# RAW DATA:
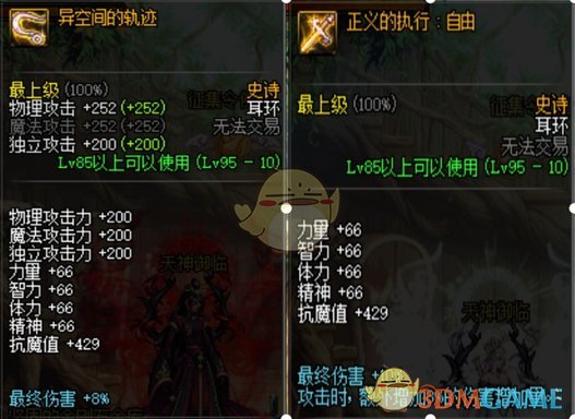 由于四维和双攻加成比较多,显然面板不高职业基础较低的职业选择虚幻空间能拥有更大家的提升率。而正义裁决套装由于有技能等级的加成,更适合诸如复仇者、天帝等拥有多个被动技能的职业,此外它的5%命中率加成,在某些时候也能起到关键的作用。
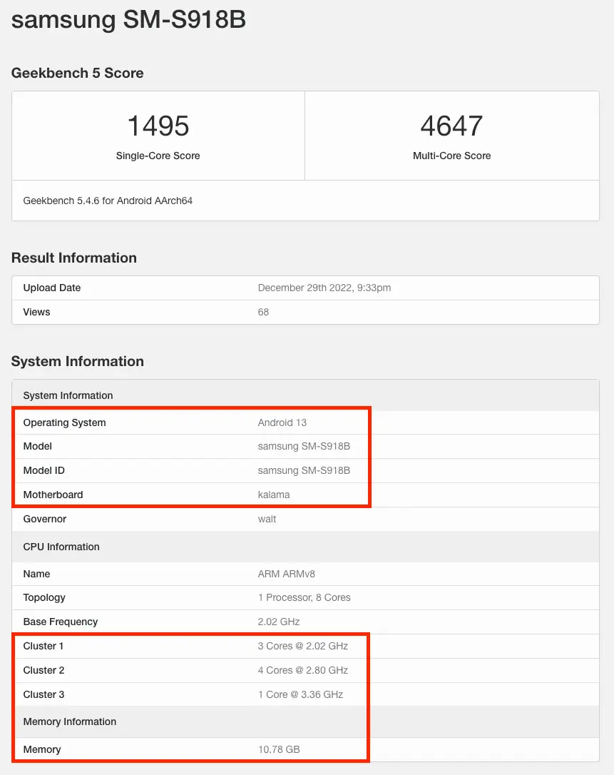 Das Samsung Galaxy S23 Ultra dürfte auch hier mit dem Samsung-exklusiven Snapdragon 8 Gen 2-Chipsatz auf getestet worden sein. Dieser soll ja mehr Leistung haben als der Standard-SoC, der in anderen Modellen der Konkurrenz verbaut wird.
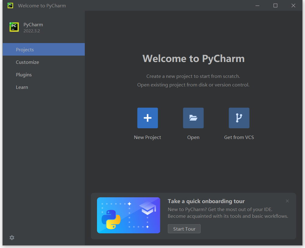 重启系统后,点击“开始”按钮,在开始菜单顶部的最近添加项中点击“PyCharm Community Edition 2022.3.2 ”启动PyCharm。第一次使用PyCharm需要进行一些设置,首先显示用户协议,只有勾选“I confirm that I have read and accept the terms of this User Agreement”(同意该协议)才可以继续。单击“Continue”按钮进入数据共享页面,如果不希望自己的数据被搜集,可以点击“Don’t Send(不发送)”按钮继续,进入PyCharm的欢迎界面(图11)。

# PROBLEM DETAILS:
Reproduce the material word for word, but without its images.

# PROBLEM SOLUTION:
 由于四维和双攻加成比较多,显然面板不高职业基础较低的职业选择虚幻空间能拥有更大家的提升率。而正义裁决套装由于有技能等级的加成,更适合诸如复仇者、天帝等拥有多个被动技能的职业,此外它的5%命中率加成,在某些时候也能起到关键的作用。
 Das Samsung Galaxy S23 Ultra dürfte auch hier mit dem Samsung-exklusiven Snapdragon 8 Gen 2-Chipsatz auf getestet worden sein. Dieser soll ja mehr Leistung haben als der Standard-SoC, der in anderen Modellen der Konkurrenz verbaut wird.
 重启系统后,点击“开始”按钮,在开始菜单顶部的最近添加项中点击“PyCharm Community Edition 2022.3.2 ”启动PyCharm。第一次使用PyCharm需要进行一些设置,首先显示用户协议,只有勾选“I confirm that I have read and accept the terms of this User Agreement”(同意该协议)才可以继续。单击“Continue”按钮进入数据共享页面,如果不希望自己的数据被搜集,可以点击“Don’t Send(不发送)”按钮继续,进入PyCharm的欢迎界面(图11)。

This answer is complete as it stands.